Twitter's efforts to eradicate ISIS from its platform offers a clue.

According to experts interviewed by Motherboard, "the measures taken against ISIS were so extreme that, if applied to white supremacy, there would certainly be backlash, because algorithms would obviously flag content that has been tweeted by prominent Republicans—or, at the very least, their supporters."

This means that cracking down on racists could generate bad press, and Twitter certainly does not want that.

For many people, this is unacceptable.

This is not a good look for Twitter - or the Republican Party.

Additionally, Vice noted, there are far more white supremacists - who mostly support President Donald Trump - than there are ISIS sympathizers on Twitter.

“A very large number of white nationalists identify themselves as avid Trump supporters," JM Berger, author of Extremism, told Motherboard.

The company, therefore, fears alienating large groups of people.

“Cracking down on white nationalists will therefore involve removing a lot of people who identify to a greater or lesser extent as Trump supporters, and some people in Trump circles and pro-Trump media will certainly seize on this to complain they are being persecuted,” Berger said. “There's going to be controversy here that we didn't see with ISIS, because there are more white nationalists than there are ISIS supporters, and white nationalists are closer to the levers of political power in the US and Europe than ISIS ever was.”

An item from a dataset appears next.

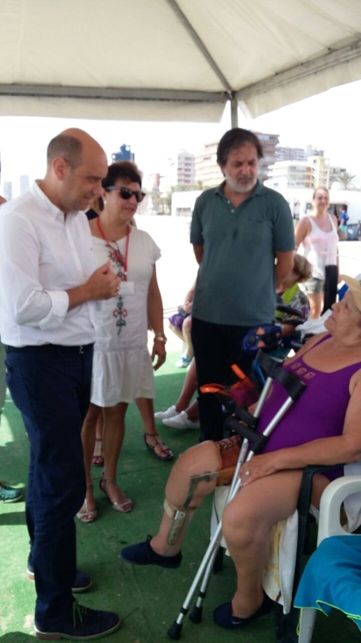 El primer edil ha visitado esta zona de baño accesible junto a la vicepresidenta provincial de Cruz Roja, Maite Berenguer, y la concejala de Turismo y Playas, Eva Montesinos, para comprobar "in situ" cómo se desarrolla este servicio que se presta desde julio a septiembre y saber cuál es la opinión de los usuarios.
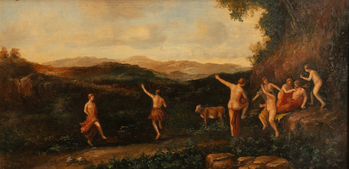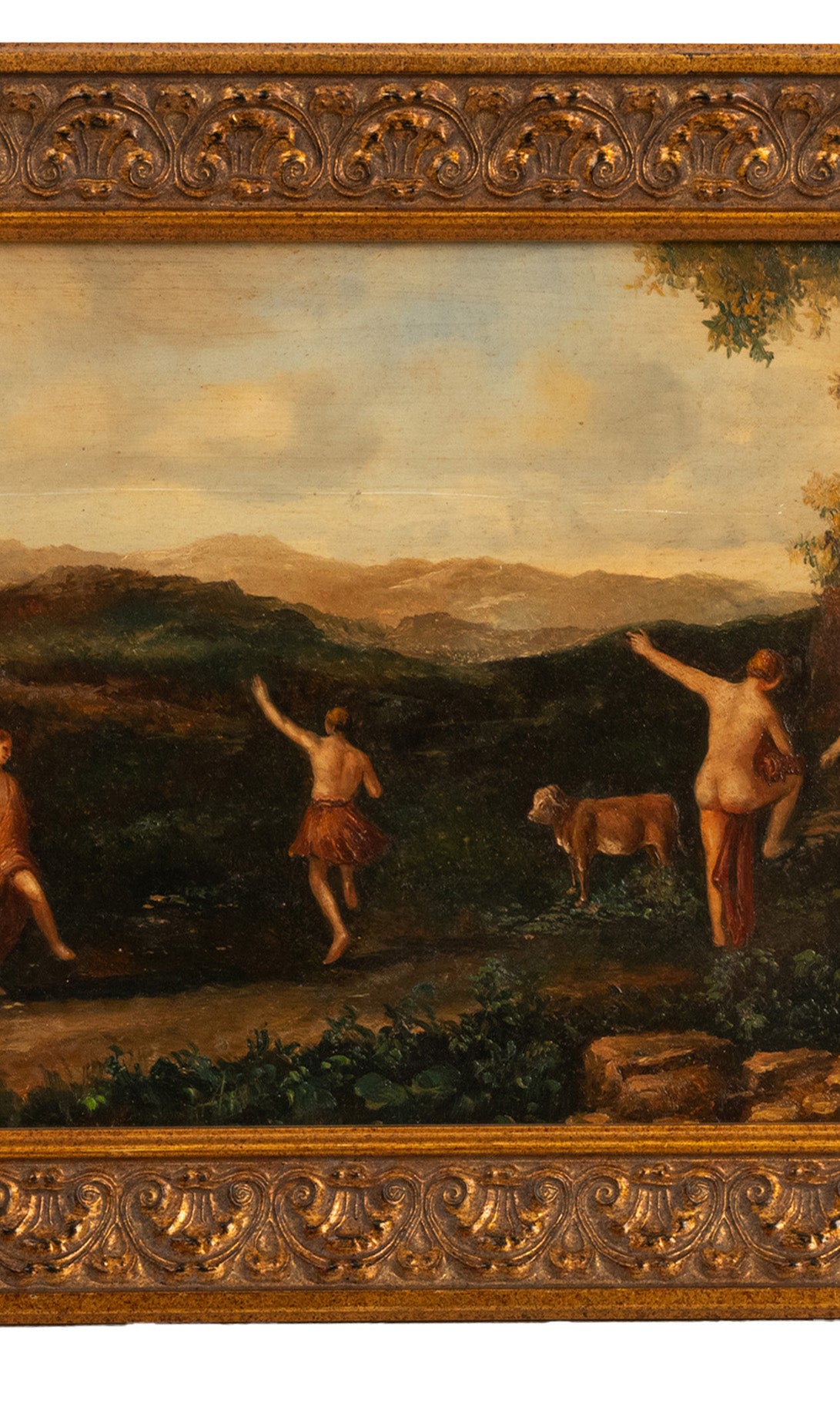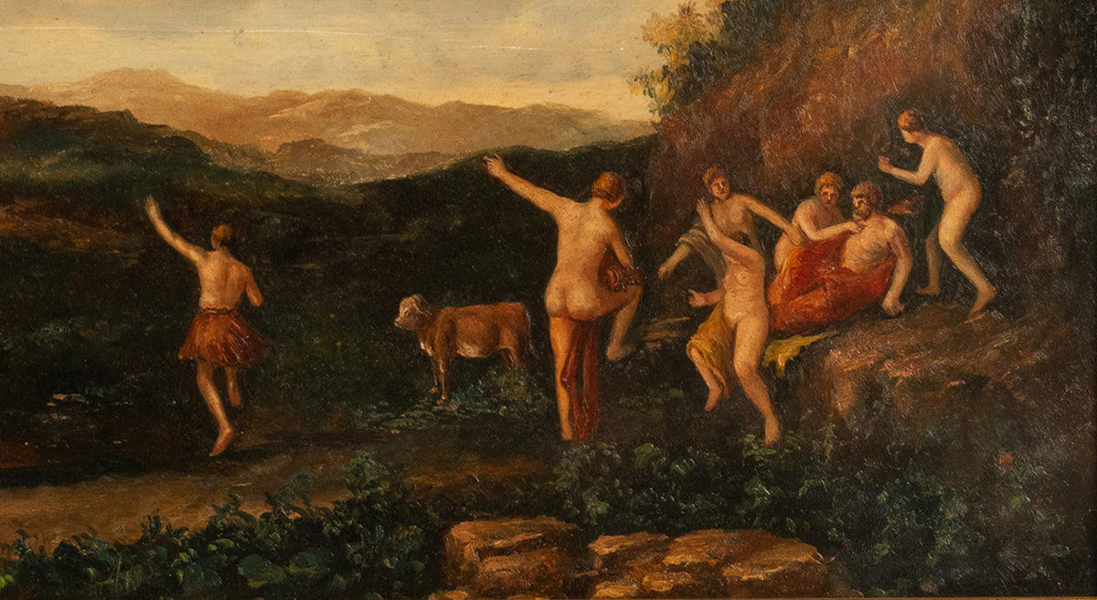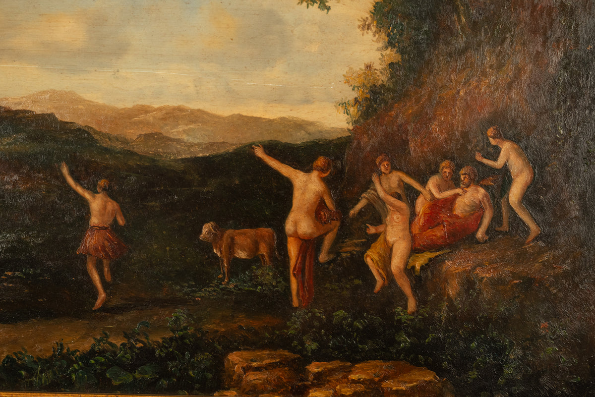 Antique 19th Century Neoclassical Bacchanal Oil Painting Dancing of the Nymphs 1850 after Cornelis van Poelenburgh

The other stark difference between combating terrorism and white nationalism is the nuanced approach required for the latter.

For terrorist-related content we've a lot of success with proprietary technology but for other types of content that violate our policies—which can often [be] much more contextual—we see the best benefits by using technology and human review in tandem,” the company said.

Berger added that unlike ISIS, white supremacists do not generally fit into one-size-fits-all molds.

“With ISIS, the group's obsessive branding, tight social networks and small numbers made it easier to avoid collateral damage when the companies cracked down (although there was some),” he said. “White nationalists, in contrast, have inconsistent branding, diffuse social networks and a large body of sympathetic people in the population, so the risk of collateral damage might be perceived as being higher, but it really depends on where the company draws its lines around content.”

Vice also asked Twitter and YouTube if they would follow the example set by Facebook, which banned white supremacist content last month.

Neither company would explicitly commit, and referred Vice to its rules.

“Twitter has a responsibility to stomp out all voices of hate on its platform,” Brandi Collins-Dexter, senior campaign director at activist group Color Of Change told Motherboard in a statement. “Instead, the company is giving a free ride to conservative politicians whose dangerous rhetoric enables the growth of the white supremacist movement into the mainstream and the rise of hate, online and off.”